Na arquitetura desenhada pela parceria, a FIS opera como a base: plataforma de dados, camada de governança, infraestrutura de implementação e relacionamento com os bancos clientes. O Claude, da Anthropic, funciona como o motor de raciocínio. A equipe de IA Aplicada da Anthropic está integrada à FIS para co-criar o agente e transferir conhecimento, permitindo que a FIS construa agentes adicionais de forma independente ao longo do tempo.
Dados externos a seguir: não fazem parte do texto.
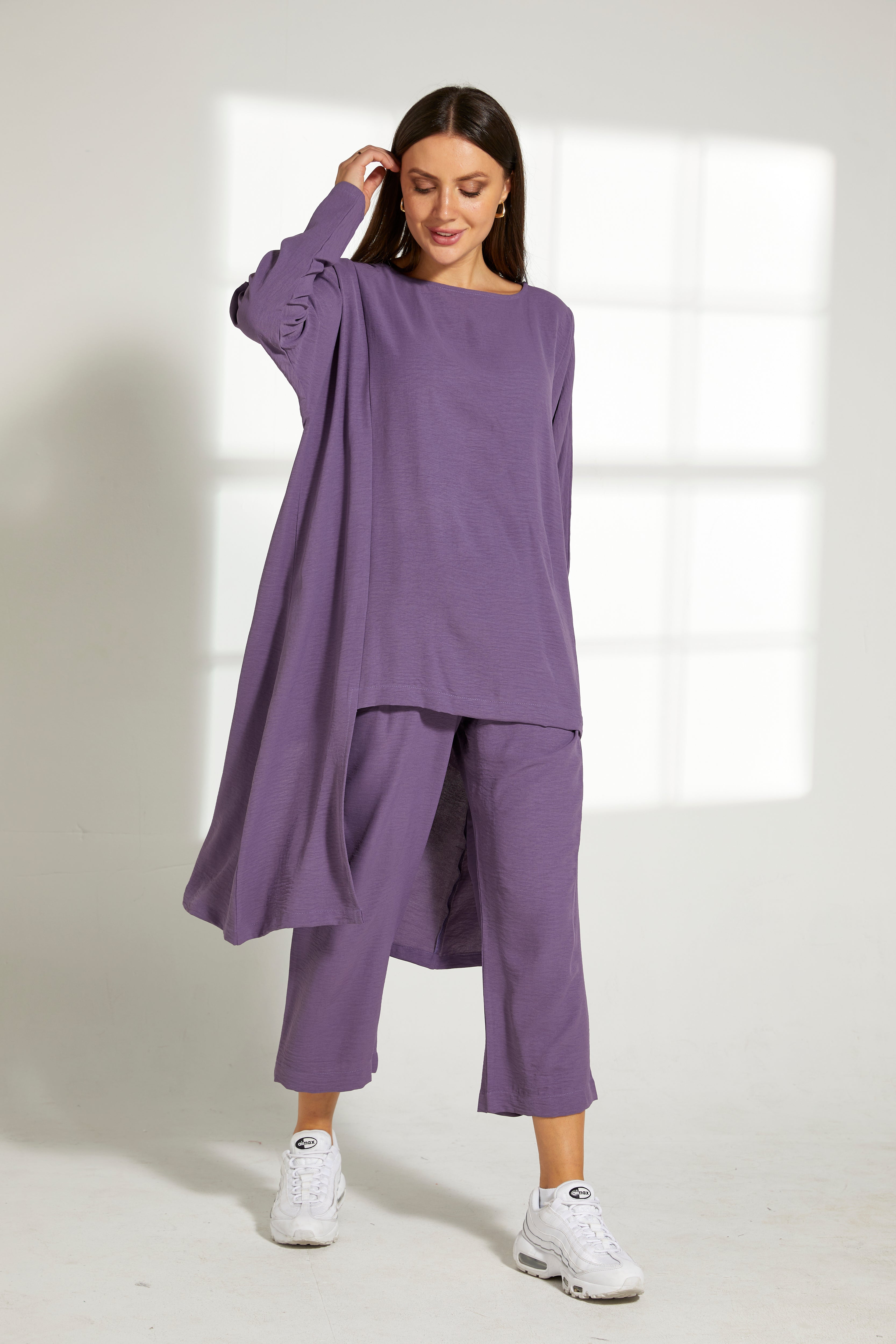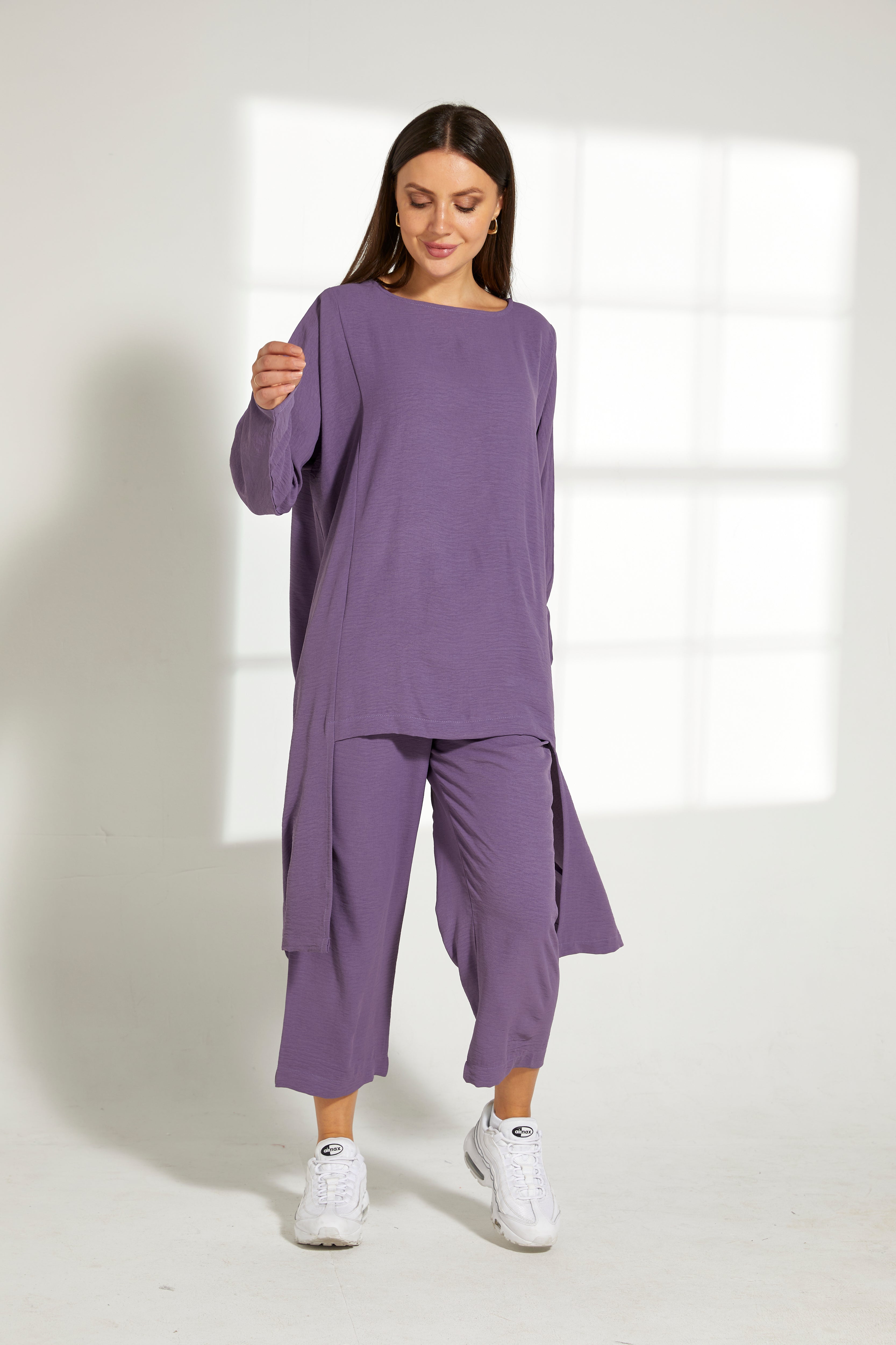 MOiSTREET طقم قميص وسروال من قماش CEY باللون الأرجواني

“Every bank in the world wants AI that acts, not just assists”, disse Stephanie Ferris, CEO e presidente da FIS. O BMO e o Amalgamated Bank estão entre os primeiros bancos a implementar o agente, com disponibilidade ampla prevista para o segundo semestre de 2026. O roadmap além dos crimes financeiros inclui credit decisioning, retenção de depósitos, onboarding de clientes e prevenção a fraudes.

O modelo é semelhante ao que ocorre em outras verticais: a IA autônoma já transforma atendimento e operações bancárias em diversas instituições, mas a FIS aposta em ser a camada de governança entre os bancos e os modelos de linguagem, mantendo os dados dos clientes dentro de sua infraestrutura com rastreabilidade e auditabilidade completas.

O que observar

A combinação de uma infraestrutura bancária de escala com um modelo de raciocínio externo cria um precedente no debate sobre como provedores de core banking vão integrar IA generativa. O caso de uso AML é o ponto de entrada mais seguro: as decisões são de triagem, não de bloqueio automático, e o contexto regulatório já exige documentação robusta de cada investigação. Vale acompanhar se a arquitetura de dados dentro da infraestrutura do provedor consegue satisfazer reguladores em jurisdições com normas distintas de localização de dados.

Se o roadmap se confirmar, os próximos casos de uso (credit decisioning e prevenção a fraudes) envolvem decisões com impacto direto no cliente final, o que eleva o grau de escrutínio regulatório. A parceria também sinaliza que provedores de tecnologia bancária de grande porte podem se posicionar como a camada de intermediação entre os bancos e os modelos de IA, disputando esse papel com redes de pagamento e bandeiras que já testam agentes de IA em transações bancárias.